German geologist and atmospheric scientist

Michael Lehning (born 1967) is a German and Swiss environmental and atmospheric scientist. He is a professor of environmental engineering at EPFL (École Polytechnique Fédérale de Lausanne), the head of EPFL's Laboratory of Cryospheric Sciences, and head of the group Snow Processes at the Swiss Federal Institute for Forest, Snow and Landscape Research (WSL).

== Career ==
Prof. Lehning received a Diploma in geo-ecology from the University of Bayreuth and a master's degree in atmospheric sciences at University of California, Davis both in 1993. He pursued post-graduate studies in statistics and a PhD in atmospheric physics and graduated in 1996 from ETH Zürich with a thesis on "Transport processes and regional pollutant budgets over topography of varying complexity" supervised by Albert Waldvogel.

In 1997, he became a scientific collaborator at the Institute for Snow and Avalanche Research (SLF) of the WSL located in Davos, Switzerland. In 2001 he became head of the research and development team on Process Models, and from 2006 to 2018 he was head of the research unit on Snow and Permafrost.

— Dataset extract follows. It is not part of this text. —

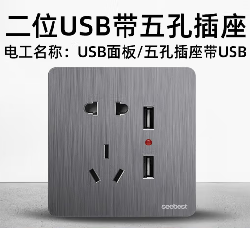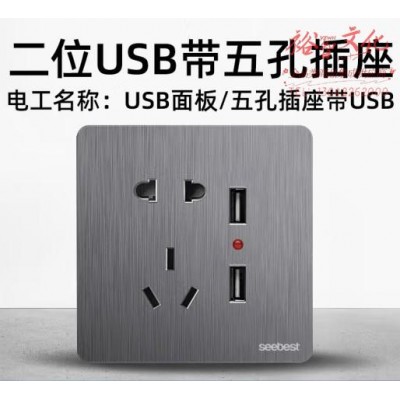 视贝(SEEBEST)二位USB带五孔插座 开关面板拉丝灰墙开大板智美系列 (zhyghf_221723883)SKU:yzwhyp907933

Since 2011, he is a full professor at the EPFL and the head of the Laboratory of Cryospheric Sciences at EPFL's School of Architecture, Civil and Environmental Engineering. Since 2018, he is also head of the group Snow Processes at SLF. From 2021 to 2024, he co-directed the UNIL-EPFL center for climate action CLIMACT.

== Research ==
Prof. Lehning's research is focused on snow processes and snow atmosphere interactions. This includes advancing the understanding of fluid dynamics of drifting and blowing snow, and generating advanced snow models, which can be used to assess and predict changes in surface mass balance of our snow and ice surfaces. In this context, he coined the term Preferential Deposition to describe the process that leads to uneven precipitation distribution in mountains. This allows for an improved assessment of avalanche danger, estimating the future of snow, hydropower and stream temperatures, and finding management practices in ski areas.

Using the knowledge on wind and radiation processes, Prof. Lehning has more recently contributed to investigating the potential of renewable energy installations in mountains to visualise how the Swiss energy turn around could be achieved.

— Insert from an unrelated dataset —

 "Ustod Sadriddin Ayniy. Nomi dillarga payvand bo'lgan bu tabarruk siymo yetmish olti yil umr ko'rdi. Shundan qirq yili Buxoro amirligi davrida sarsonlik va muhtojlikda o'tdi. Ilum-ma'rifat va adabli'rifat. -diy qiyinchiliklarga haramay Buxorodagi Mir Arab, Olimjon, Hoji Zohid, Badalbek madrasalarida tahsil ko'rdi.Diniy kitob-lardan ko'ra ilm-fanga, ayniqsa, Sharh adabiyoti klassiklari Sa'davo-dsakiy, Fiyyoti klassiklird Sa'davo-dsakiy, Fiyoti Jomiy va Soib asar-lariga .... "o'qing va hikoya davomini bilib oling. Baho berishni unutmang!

He is the founder of spin-off companies such as APLsolut and SUNWELL.

== Distinctions ==
In 2020, Prof. Lehning won the new research programme Swiss Energy Research for the Energy Transition (SWEET) awarded Swiss Federal Office of Energy (SFOE) that aims at the de-centralised energy supply in the Swiss energy system. The grant totals a budget of CHF 21 million, involves 15 research and more than 40 implementation partners, and runs over 6 years. In 2001, Lehning received the Award for extraordinary performance in transfer of scientific knowledge to users from the Swiss Federal Institute for Forest, Snow and Landscape Research.

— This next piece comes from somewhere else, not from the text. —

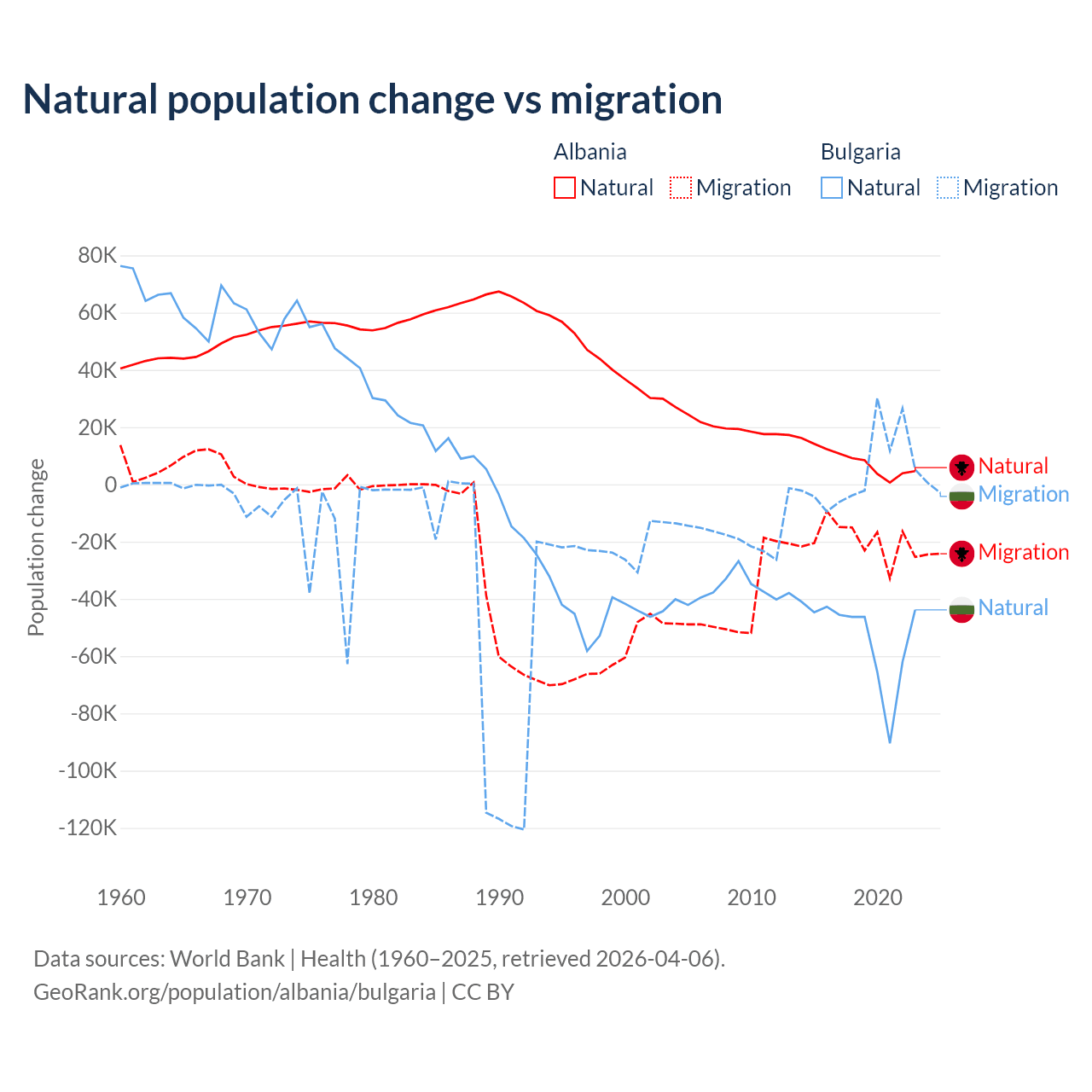 Over the last 10 years, 30% of the population change in Albania is from natural causes (a gain of 83,840 people) and 70% is from migration (a loss of 195,891 people). In Bulgaria 92.1% is from natural causes (a loss of 528,535 people) and 7.94% is from migration (a gain of 45,567 people).

In 2025, Prof. Lehning was granted the co-direction of the project "Current and future shifts of snow regimes in extreme environments (SNOWSHIFTS)" funded by European Research Council (ERC), that will run from 2026 to 2032 : Snowshifts ERC PROJECT.

== Selected works ==
- Bender, Esther (2020). "Changes in Climatology, Snow Cover, and Ground Temperatures at High Alpine Locations"<
- Comola, F. (2019). "Cohesion-Induced Enhancement of Aeolian Saltation"
- Comola, F. (2019). "Preferential Deposition of Snow and Dust Over Hills: Governing Processes and Relevant Scales"
- Gerber, Franziska (2019). "The Importance of Near-Surface Winter Precipitation Processes in Complex Alpine Terrain"
- Kahl, Annelen (2019). "The bright side of PV production in snow-covered mountains"
- Lehning, M. (2008). "Inhomogeneous precipitation distribution and snow transport in steep terrain: SNOW DRIFT AND INHOMOGENEOUS PRECIPITATION"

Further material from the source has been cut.